Я хотела возразить ей – и не могла. Я сознавала, что Нора была по-своему права.
– Но послушайте, – начала я снова, далеко уже не прежним убедительным тоном, – послушайте, Нора… Пусть Краснушка провинилась, пусть… но за что же такое наказание? У нее старик отец, бедный учитель… Это убьет его… Послушайте… вы должны поправить все это: пойдите к Maman и попросите ее не исключать Марусю.
– Никогда! – холодно оборвала меня Нора и, помолчав секунду, заговорила снова: – Запольская не ребенок. В семнадцать лет надо уметь рассуждать. Она знала, на что шла, затевая историю, и должна или покаяться чистосердечно, или понести должное наказание.
– Но вы можете спасти ее, Нора, – уже молила я, чуть не плача, – княгиня послушает вас, если вы попросите за Краснушку.
– Глупо вы рассуждаете, Влассовская. Поймите же одно: я выше всего в мире ставлю убеждения. Мои убеждения запрещают мне поступить так, как вы просите. И я не сделаю по-вашему. Вам не понять меня, конечно! И это грустно.
Действительно, я не могла понять ее, эту великолепную Нору, с ее убеждениями, идеалами и бессердечием, возмущавшими всю мою душу.

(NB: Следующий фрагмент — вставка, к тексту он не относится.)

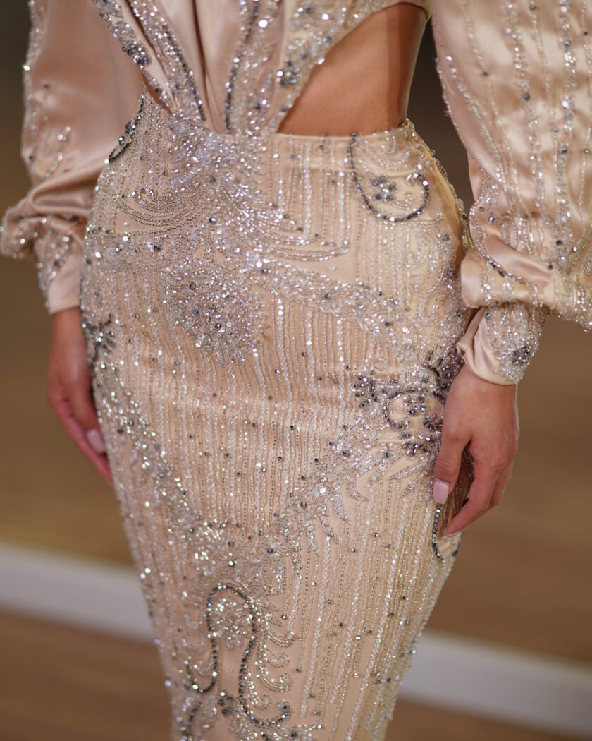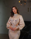 This breathtaking long dress is a true showstopper. The high neck and long puff sleeves add a sophisticated and feminine touch to the overall look, while the stone embellishments add a touch of glamour and glam. The entire dress is adorned with sparkling stones that catch the light and add a touch of luxury to the overall look. The long length of the dress adds a touch of drama and elegance, while the high neck and puff sleeves give it a formal, sophisticated vibe. Whether you're attending a wedding, prom, or other formal event, this dress is sure to make you feel confident and stylish. The stone embellishments give it a modern and stylish edge, making it perfect for any special occasion.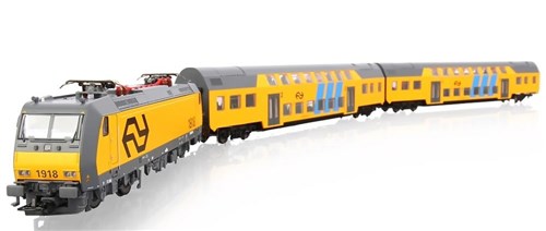 Komplet startpakke med tog, skinner og transformatorer. Togsættet indeholder en E-lokomotiv med to dobbeltdækkende personbiler i skala H0 (1:87). De inkluderede skinner giver en stor oval bane med alternative riller. En perfekt start til at komme i gang på en modeljernbane.

Печально поникнув головою, я направилась в класс.
Еще у двери я заметила в нем необычайное оживление. Девочек не было на местах. Все они сгруппировались у кафедры, на которой стояла Fraulein Hening.
– А-а, Люда! – кивнула она мне. – Хорошо, что ты пришла! Я должна сообщить классу очень печальную новость.

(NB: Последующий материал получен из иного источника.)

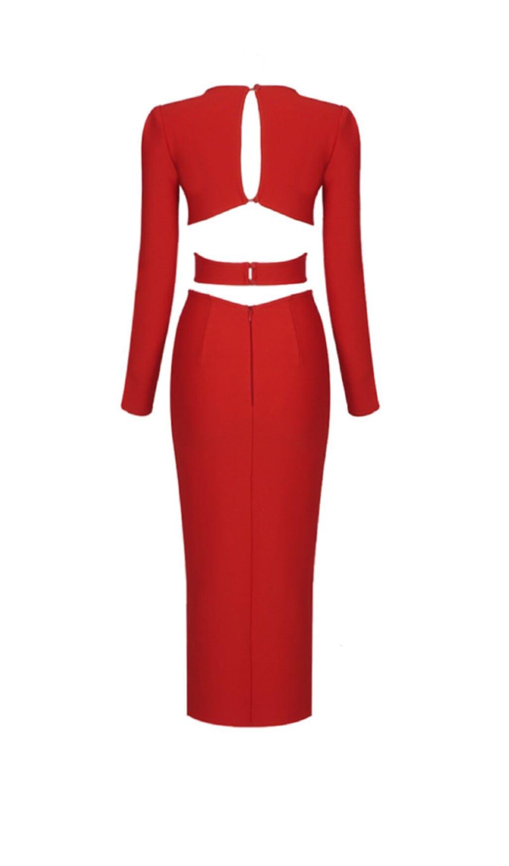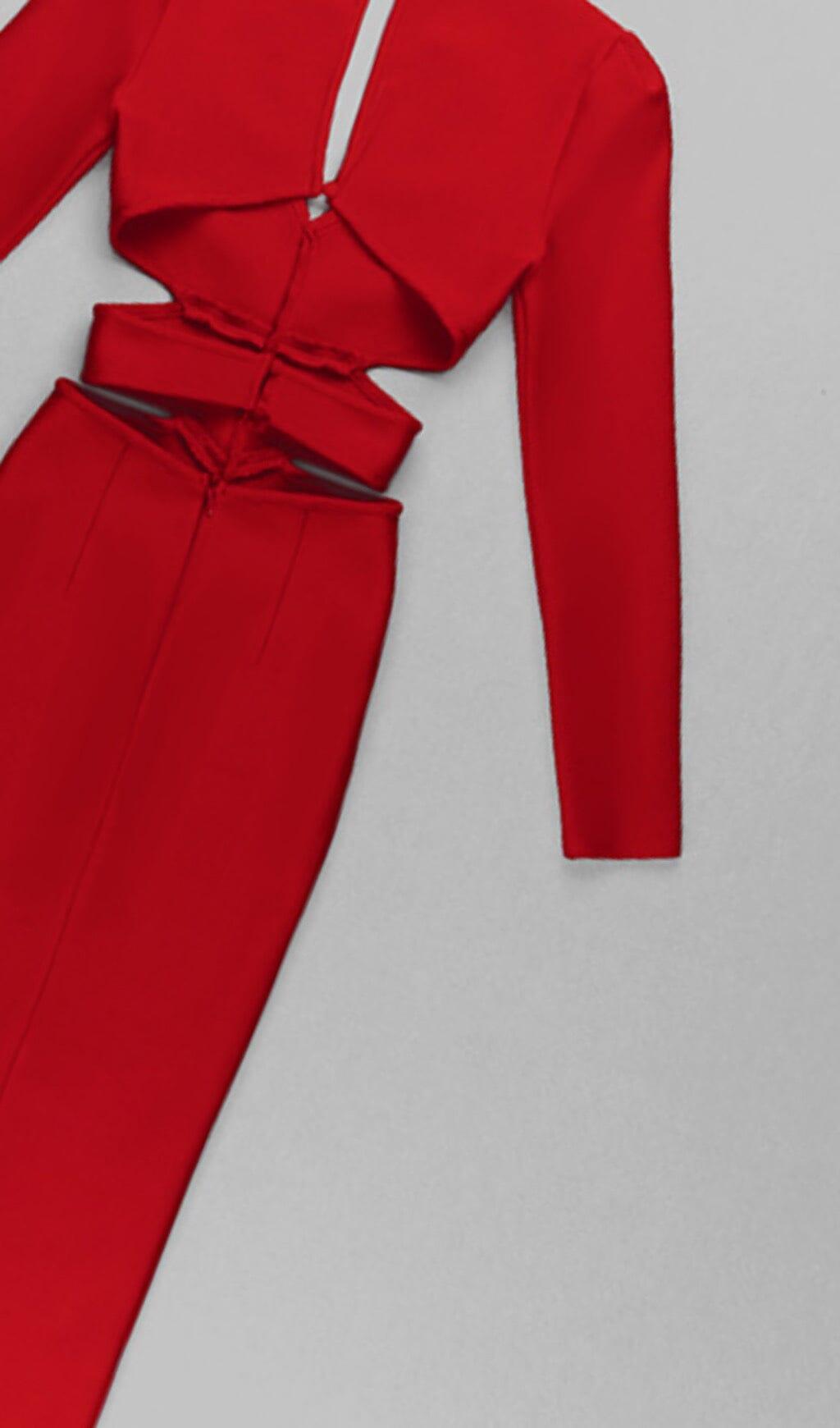 HOLLOW SLIM-FIT DRESS IN RED

Я придвинулась к кафедре в ожидании ее слов.
– Дети, – произнесла Кис-Кис, – мне очень тяжело, что история с булавками может закончиться очень, очень печально…
– Как? Что такое? Что еще случилось? – послышались тревожные голоса девочек.
– Monsieur Терпимов серьезно болен. Булавка попала ему в сухожилие и вызвала местное воспаление. Он может остаться калекой на всю жизнь: если болезнь усилится – придется отнять руку.
Тяжкий вздох ужаса вырвался из 40 юных грудей. Сорок девочек побледнели, как смерть. Но их волнение и бледность были ничто в сравнении с состоянием Запольской. Маруся закрыла лицо руками и глухо рыдала надрывающими душу сухими рыданьями без слез.